I have a very large scipy sparse csr matrix. It is a 100,000x2,000,000 dimensional matrix. Let's call it X. Each row is a sample vector in a 2,000,000 dimensional space.
I need to calculate the cosine distances between each pair of samples very efficiently. I have been using sklearn pairwise_distances function with a subset of vectors in X which gives me a dense matrix D: the square form of the pairwise distances which contains redundant entries. How can I use sklearn pairwise_distances to get the condensed form directly? Please refer to http://docs.scipy.org/doc/scipy/reference/generated/scipy.spatial.distance.pdist.html to see what the condensed form is. It is the output of scipy pdist function.

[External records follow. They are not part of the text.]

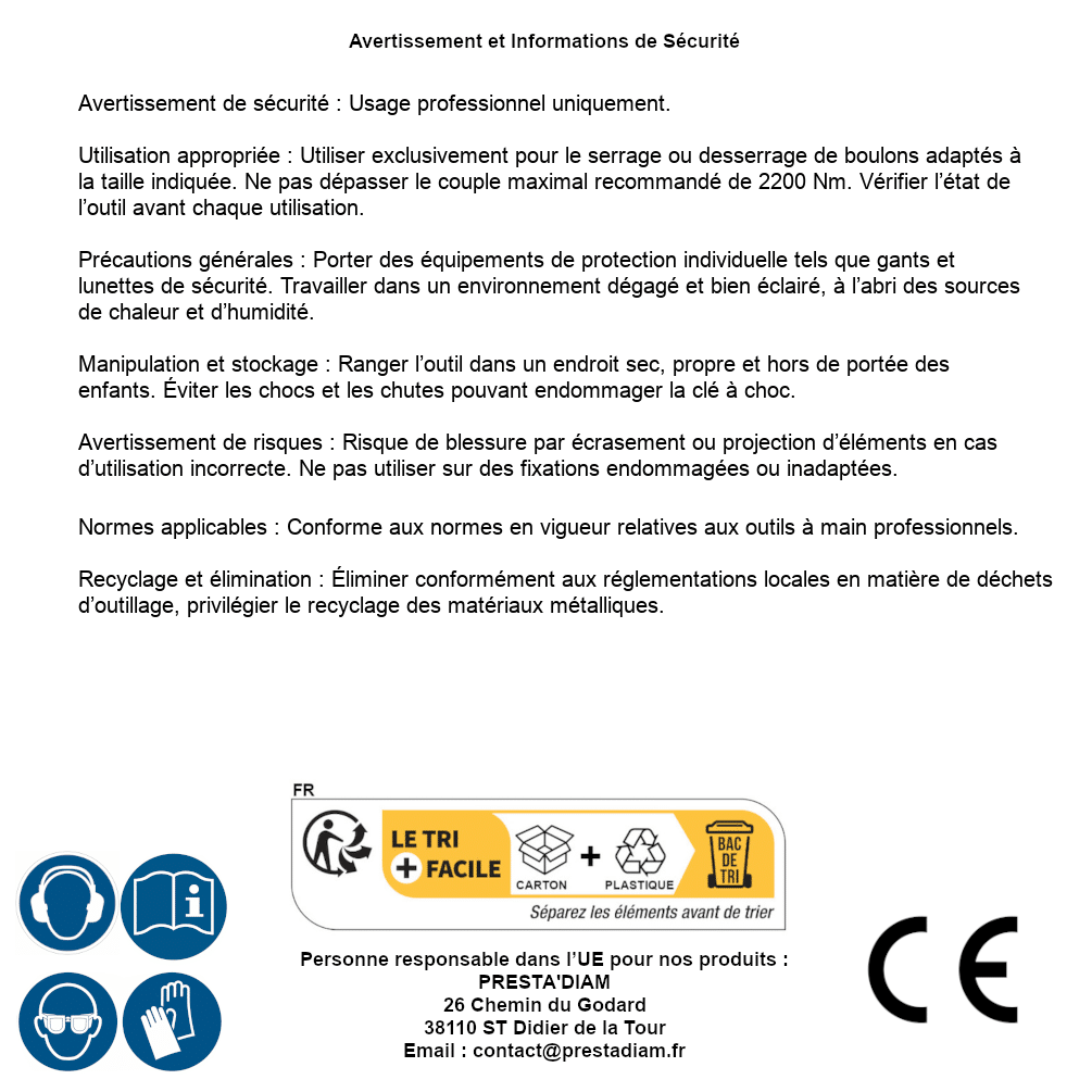 | AVERTISSEMENT et SECURITE | Identification de la personne responsable dans l’UE : Nom : PRESTA'DIAM. Adresse : 26 Chemin du Godard, 38110 ST Didier de la Tour (France). Email : contact@prestadiam.fr. |
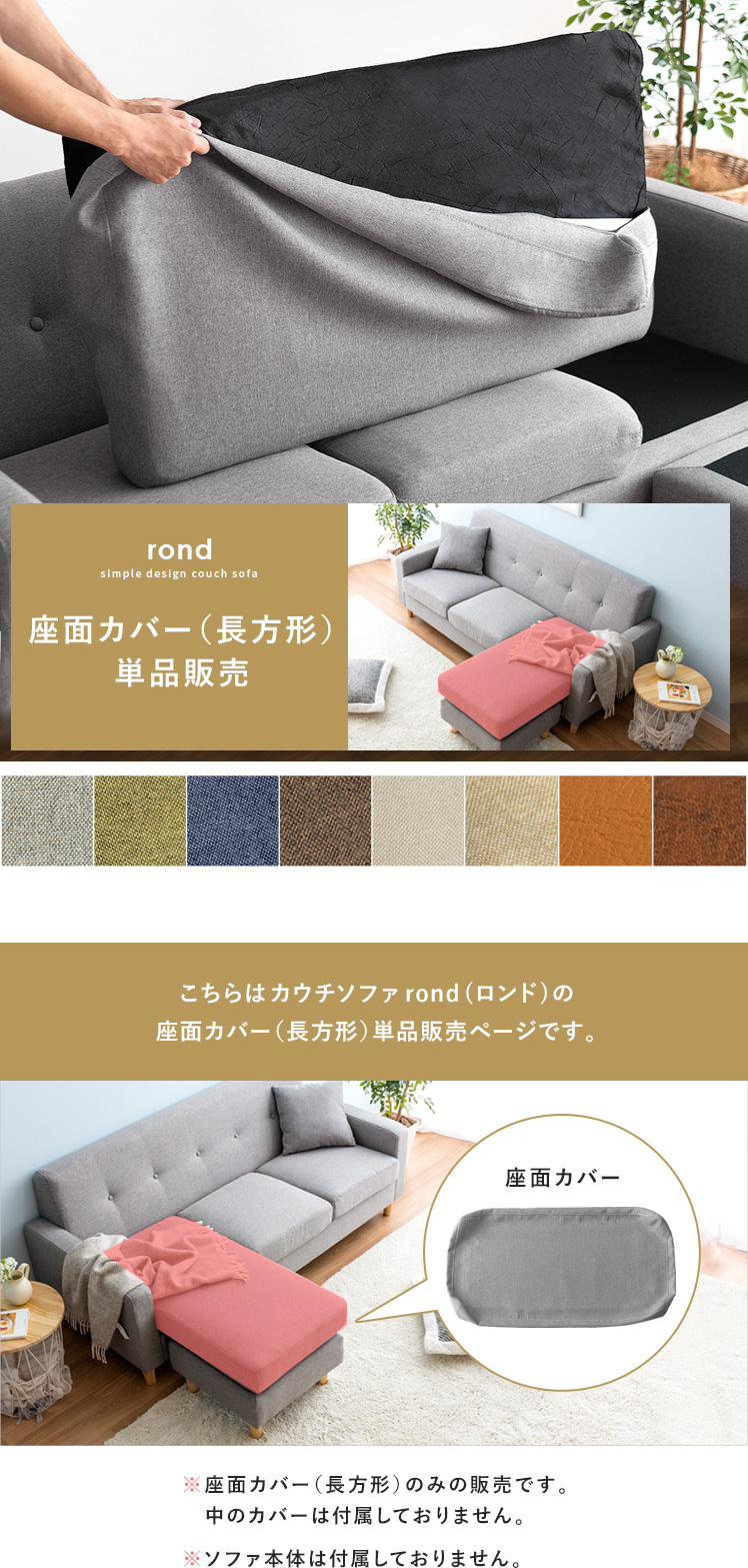 【座面カバー〔長方形〕単品販売】カウチソファ rond(ロンド)専用パーツ
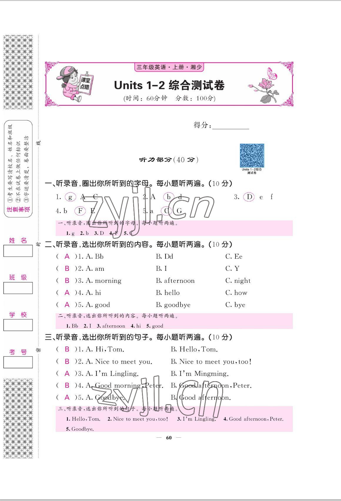 注:目前有些书本章节名称可能整理的还不是很完善,但都是按照顺序排列的,请同学们按照顺序仔细查找。练习册 2022年课堂点睛三年级英语上册湘少版 答案主要是用来给同学们做完题方便对答案用的,请勿直接抄袭。
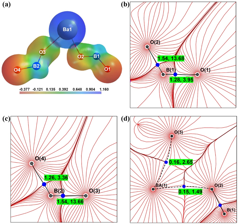 -3处的静电势等值面图,蓝色和红色分别代表正电荷区和负电荷区;b,c,d分别代表O(1)B(1)O(2)、O(3)B(2)O(4)和O(2)Ba(1)O(3)面的实验电子密度梯度轨迹图。图上蓝色点表示键临界点,靠近键临界点的两个数字分别为键电荷和拉普拉斯量。
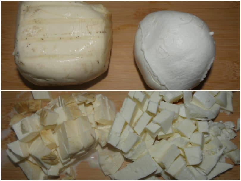 Fate sbocciolare i latticini,quindi tagliateli a cubetti.
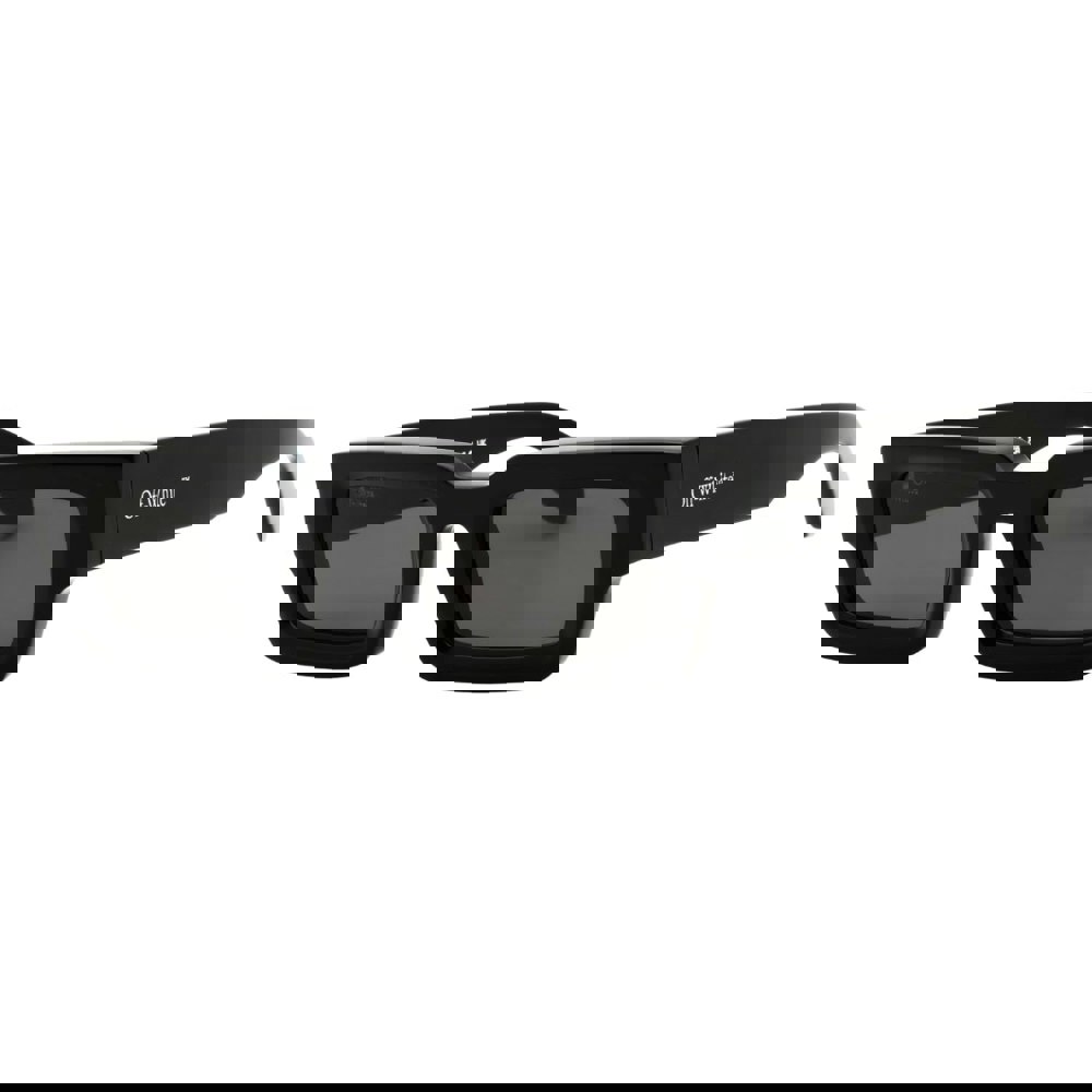 Elevate your style with the Off-White Lecce Black Thick Framed Sunglasses, designed to make a bold statement. Featuring a sleek black frame paired with dark grey lenses, these sunglasses offer 100% plastic construction for both lightweight comfort and durability. The precise dimensions—50mm lens width, 24mm bridge, and 145mm temple length—ensure a comfortable fit for all-day wear. Perfect for shielding your eyes while adding an edgy, contemporary flair to any outfit, these sunglasses blend modern aesthetics with practical protection effortlessly. Make them your go-to accessory for both sunny days and fashion-forward looks.
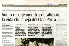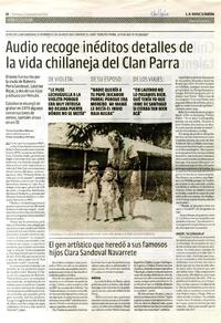Audio recoge inéditos detalles de la vida chillaneja del clan Parra [artículo] / Carolina Marcos. La Discusión (Diario : Chillán, Chile)-- oct. 21, 2012, p. 32. .
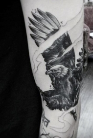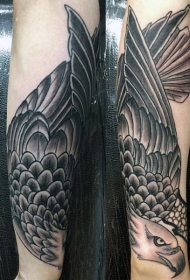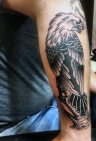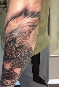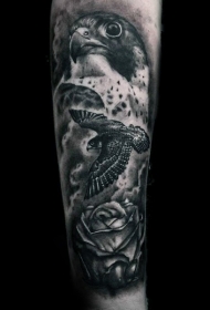 手臂惊人的黑白老鹰与玫瑰纹身图案
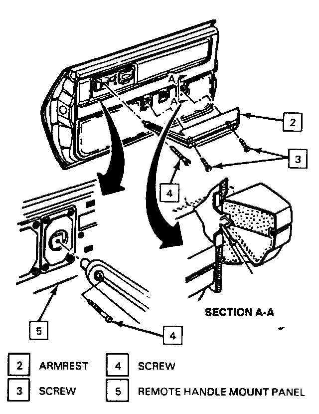1. Screws (3 and 4) retaining armrest (2) to the door trim panel, the armrest hanger plate, and the trim pad switch and remote handle mount panel (5).
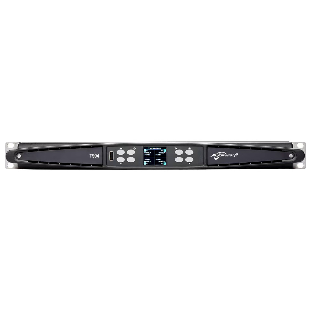 Die Powersoft T904 ist eine extrem leistungsstarke 4-Kanal Touring-Endstufe mit integriertem DSP und Dante-Audiovernetzung. Entwickelt für höchste Ansprüche im professionellen PA- und Touring-Bereich, kombiniert sie maximale Leistung, präzise Kontrolle und modernste Netzwerktechnik in einem kompakten, zuverlässigen Gerät.

I have memory limitations and I can't calculate the square form and then get the condensed form. Due to memory limitations, I also cannot use scipy pdist as it requires a dense matrix X which does not again fit in memory. I thought about looping through different chunks of X and calculate the condensed form for each chunk and join them together to get the complete condensed form, but this is relatively cumbersome. Any better ideas?
Any help is much much appreciated. Thanks in advance.
Below is a reproducible example (of course for demonstration purposes X is much smaller):
from scipy.sparse import rand
from scipy.spatial.distance import pdist
from sklearn.metrics.pairwise import pairwise_distances
X = rand(1000, 10000, density=0.01, format='csr')
dist1 = pairwise_distances(X, metric='cosine')
dist2 = pdist(X.A, 'cosine')
As you see dist2 is in the condensed form and is a 499500 dimensional vector. But dist1 is in the symmetric squareform and is a 1000x1000 matrix.